Exercise requirements ▸ Look below for the line that has "自分の残っている歯です。 丸の部分はインプラントを埋入しました。"; output exactly from it through the line that has "Заварочный чайник MAYER & BOCH изготовлен", and leave the pictures out.

Input for this task ▸
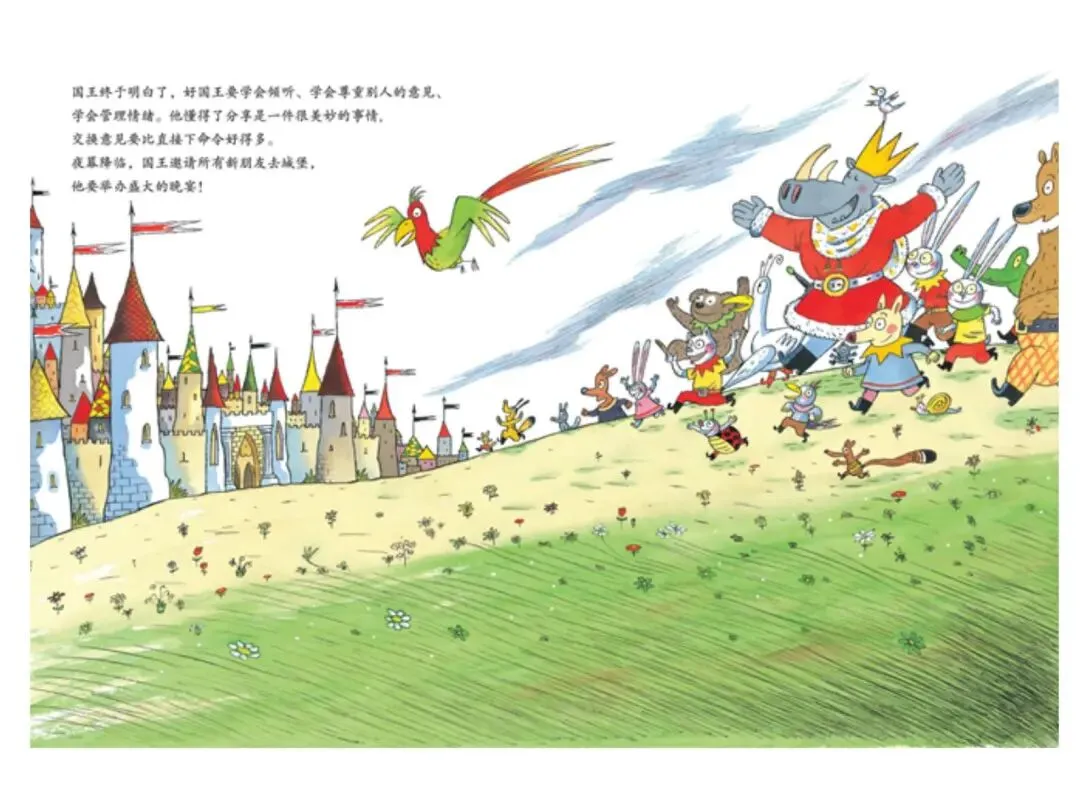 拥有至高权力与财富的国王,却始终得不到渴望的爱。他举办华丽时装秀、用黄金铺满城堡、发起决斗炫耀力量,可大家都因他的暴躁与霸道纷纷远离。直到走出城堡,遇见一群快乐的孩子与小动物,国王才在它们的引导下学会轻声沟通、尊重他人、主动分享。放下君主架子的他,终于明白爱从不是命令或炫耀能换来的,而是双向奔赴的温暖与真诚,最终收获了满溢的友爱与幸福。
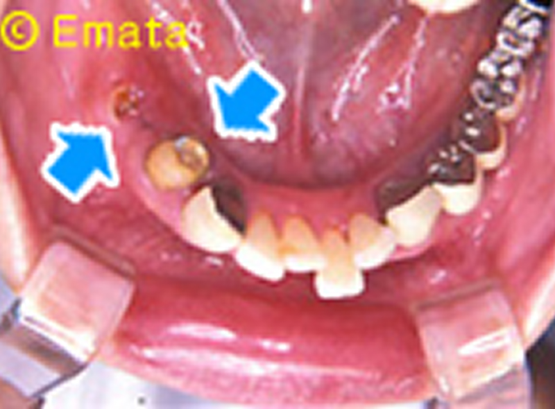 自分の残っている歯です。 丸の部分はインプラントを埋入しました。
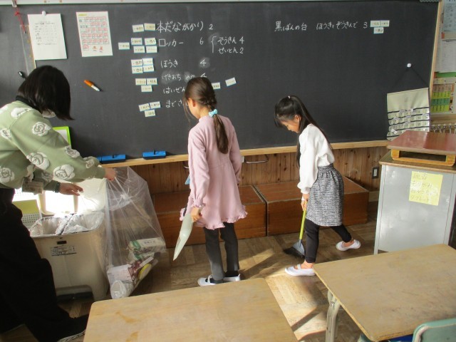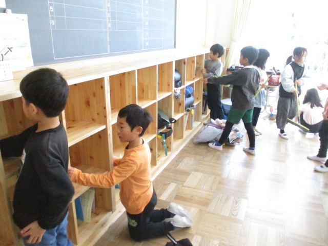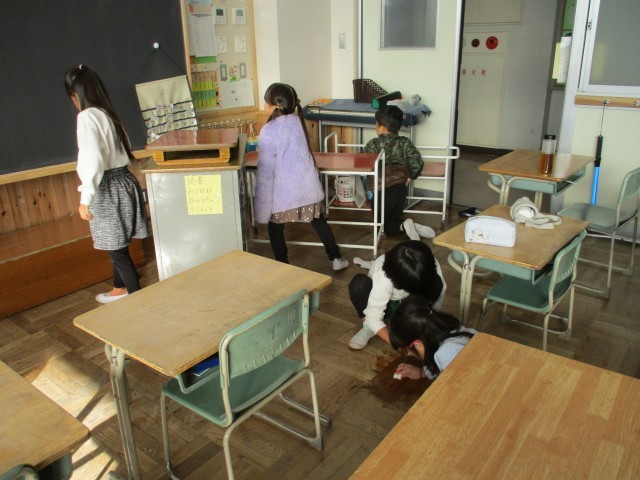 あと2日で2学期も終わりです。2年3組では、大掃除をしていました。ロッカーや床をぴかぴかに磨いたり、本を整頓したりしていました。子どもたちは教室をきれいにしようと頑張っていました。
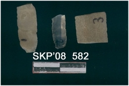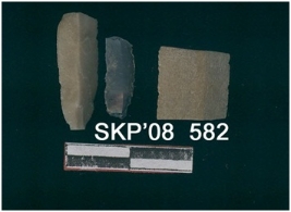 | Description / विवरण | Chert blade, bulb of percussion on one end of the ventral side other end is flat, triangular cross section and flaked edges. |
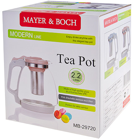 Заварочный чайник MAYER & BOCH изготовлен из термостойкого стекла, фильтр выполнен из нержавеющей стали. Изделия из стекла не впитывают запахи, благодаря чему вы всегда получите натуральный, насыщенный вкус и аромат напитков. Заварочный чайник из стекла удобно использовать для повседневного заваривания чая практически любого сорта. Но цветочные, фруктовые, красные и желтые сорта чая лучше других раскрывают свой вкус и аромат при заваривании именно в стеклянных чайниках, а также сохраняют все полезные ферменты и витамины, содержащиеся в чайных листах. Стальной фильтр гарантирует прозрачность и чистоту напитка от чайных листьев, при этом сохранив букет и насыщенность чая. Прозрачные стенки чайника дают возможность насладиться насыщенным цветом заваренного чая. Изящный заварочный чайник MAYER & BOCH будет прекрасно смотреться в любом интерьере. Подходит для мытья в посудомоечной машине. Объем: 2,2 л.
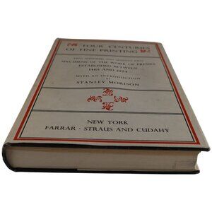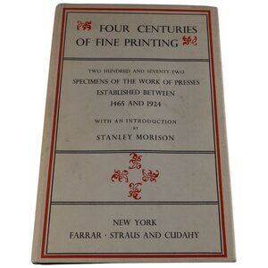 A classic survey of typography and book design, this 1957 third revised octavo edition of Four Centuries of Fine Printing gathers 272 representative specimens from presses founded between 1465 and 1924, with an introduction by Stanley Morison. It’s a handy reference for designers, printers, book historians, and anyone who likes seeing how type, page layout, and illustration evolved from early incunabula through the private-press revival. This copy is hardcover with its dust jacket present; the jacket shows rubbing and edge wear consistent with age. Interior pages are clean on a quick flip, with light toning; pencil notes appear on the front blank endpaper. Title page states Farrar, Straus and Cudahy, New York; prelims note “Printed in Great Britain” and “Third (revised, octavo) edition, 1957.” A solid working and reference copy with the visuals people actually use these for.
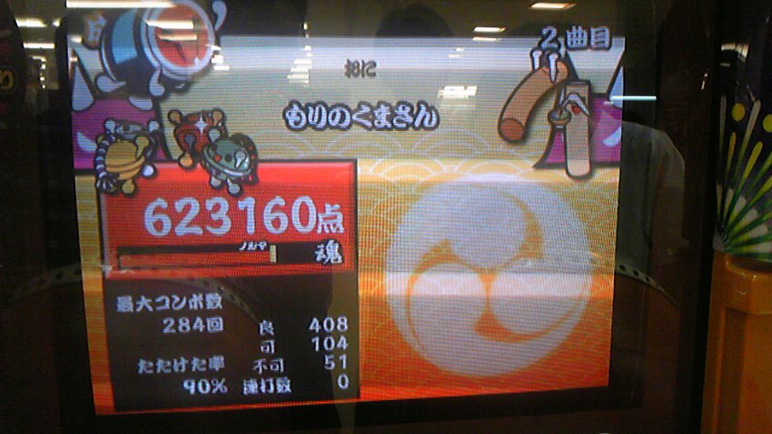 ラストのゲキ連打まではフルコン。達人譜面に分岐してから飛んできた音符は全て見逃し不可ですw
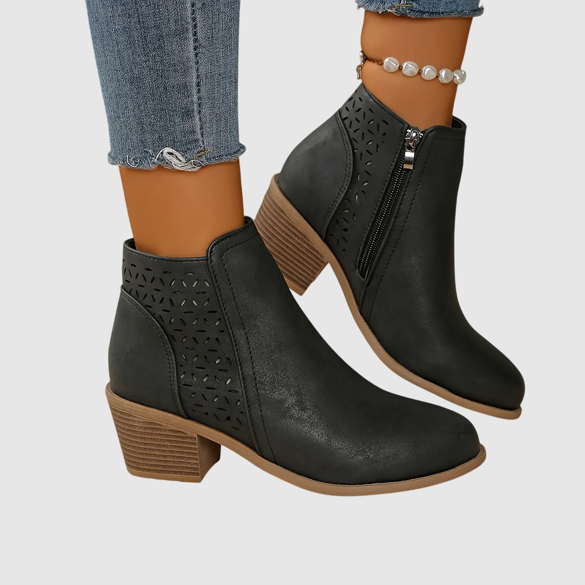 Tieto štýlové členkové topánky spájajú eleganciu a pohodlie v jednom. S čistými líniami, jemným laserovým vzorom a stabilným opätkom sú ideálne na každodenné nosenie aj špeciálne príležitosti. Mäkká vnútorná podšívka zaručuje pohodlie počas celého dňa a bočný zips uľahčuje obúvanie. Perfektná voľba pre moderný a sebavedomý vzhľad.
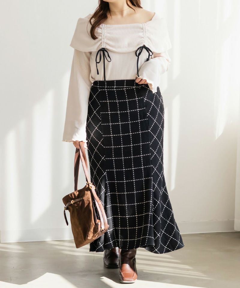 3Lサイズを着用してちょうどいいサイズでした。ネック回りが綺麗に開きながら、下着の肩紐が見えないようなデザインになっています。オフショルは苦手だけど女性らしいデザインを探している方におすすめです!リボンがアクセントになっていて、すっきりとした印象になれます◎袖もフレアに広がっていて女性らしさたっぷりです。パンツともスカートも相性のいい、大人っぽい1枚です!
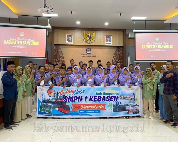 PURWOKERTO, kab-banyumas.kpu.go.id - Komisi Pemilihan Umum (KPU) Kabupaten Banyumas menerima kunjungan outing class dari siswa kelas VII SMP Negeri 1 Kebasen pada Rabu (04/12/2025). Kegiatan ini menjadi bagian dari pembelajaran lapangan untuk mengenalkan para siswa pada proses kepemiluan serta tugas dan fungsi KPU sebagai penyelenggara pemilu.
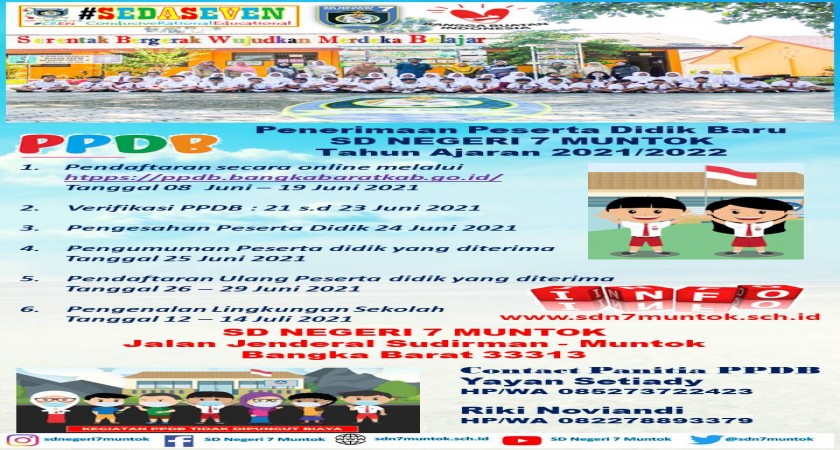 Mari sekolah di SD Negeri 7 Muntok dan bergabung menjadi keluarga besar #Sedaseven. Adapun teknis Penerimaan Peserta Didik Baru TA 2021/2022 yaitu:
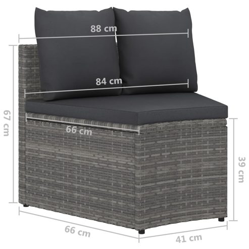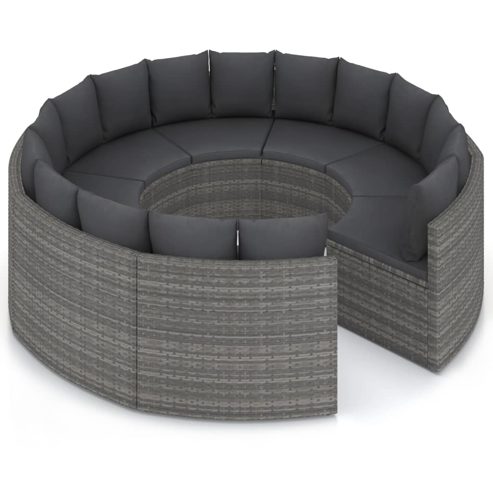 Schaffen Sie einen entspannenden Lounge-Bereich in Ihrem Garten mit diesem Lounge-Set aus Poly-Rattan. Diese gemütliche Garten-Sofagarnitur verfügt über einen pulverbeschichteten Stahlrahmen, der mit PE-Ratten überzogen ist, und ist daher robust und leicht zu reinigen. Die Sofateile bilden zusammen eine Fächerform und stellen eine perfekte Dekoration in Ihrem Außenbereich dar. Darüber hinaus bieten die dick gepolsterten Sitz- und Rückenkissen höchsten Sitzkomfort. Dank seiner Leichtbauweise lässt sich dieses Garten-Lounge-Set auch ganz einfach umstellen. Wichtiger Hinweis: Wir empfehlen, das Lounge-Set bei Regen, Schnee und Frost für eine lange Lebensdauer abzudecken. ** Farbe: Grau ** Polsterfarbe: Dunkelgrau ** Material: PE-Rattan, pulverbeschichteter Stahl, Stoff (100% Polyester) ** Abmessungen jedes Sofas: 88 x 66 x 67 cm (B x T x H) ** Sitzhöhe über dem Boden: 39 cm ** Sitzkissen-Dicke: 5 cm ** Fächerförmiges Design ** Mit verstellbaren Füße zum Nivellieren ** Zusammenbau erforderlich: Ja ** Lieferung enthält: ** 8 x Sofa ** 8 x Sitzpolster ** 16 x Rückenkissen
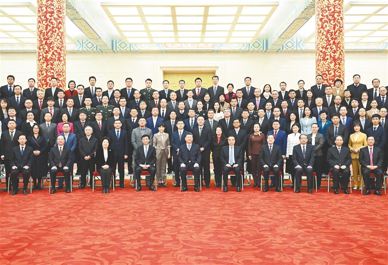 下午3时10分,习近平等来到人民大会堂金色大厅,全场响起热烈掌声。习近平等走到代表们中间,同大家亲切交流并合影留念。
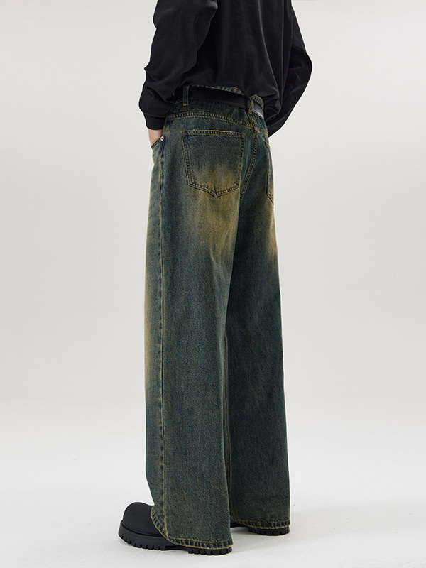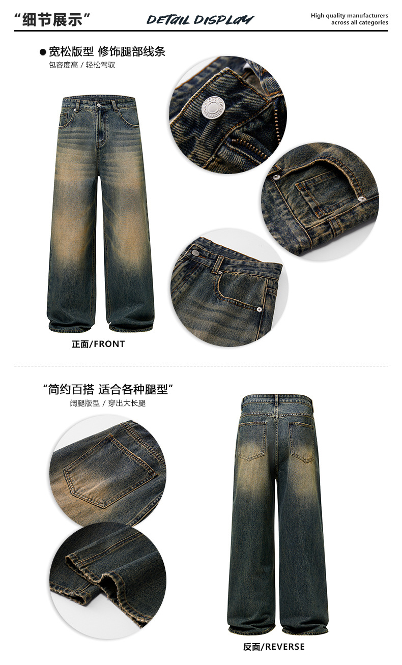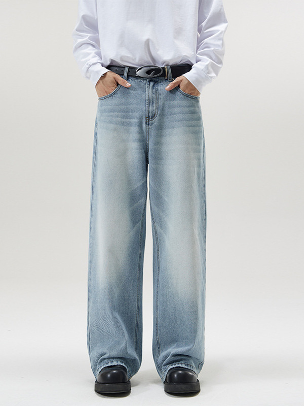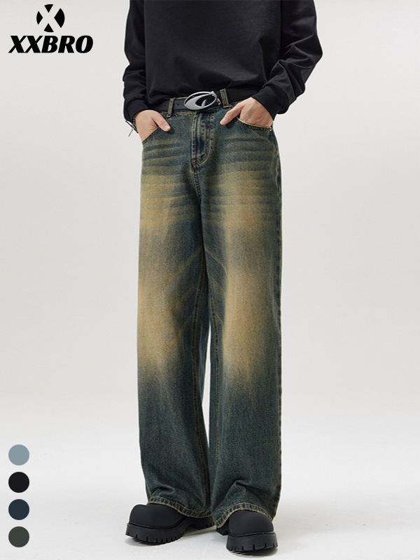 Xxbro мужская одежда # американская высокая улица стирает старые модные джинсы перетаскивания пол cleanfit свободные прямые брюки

Output below ▸
 自分の残っている歯です。 丸の部分はインプラントを埋入しました。
 あと2日で2学期も終わりです。2年3組では、大掃除をしていました。ロッカーや床をぴかぴかに磨いたり、本を整頓したりしていました。子どもたちは教室をきれいにしようと頑張っていました。
 | Description / विवरण | Chert blade, bulb of percussion on one end of the ventral side other end is flat, triangular cross section and flaked edges. |
 Заварочный чайник MAYER & BOCH изготовлен из термостойкого стекла, фильтр выполнен из нержавеющей стали. Изделия из стекла не впитывают запахи, благодаря чему вы всегда получите натуральный, насыщенный вкус и аромат напитков. Заварочный чайник из стекла удобно использовать для повседневного заваривания чая практически любого сорта. Но цветочные, фруктовые, красные и желтые сорта чая лучше других раскрывают свой вкус и аромат при заваривании именно в стеклянных чайниках, а также сохраняют все полезные ферменты и витамины, содержащиеся в чайных листах. Стальной фильтр гарантирует прозрачность и чистоту напитка от чайных листьев, при этом сохранив букет и насыщенность чая. Прозрачные стенки чайника дают возможность насладиться насыщенным цветом заваренного чая. Изящный заварочный чайник MAYER & BOCH будет прекрасно смотреться в любом интерьере. Подходит для мытья в посудомоечной машине. Объем: 2,2 л.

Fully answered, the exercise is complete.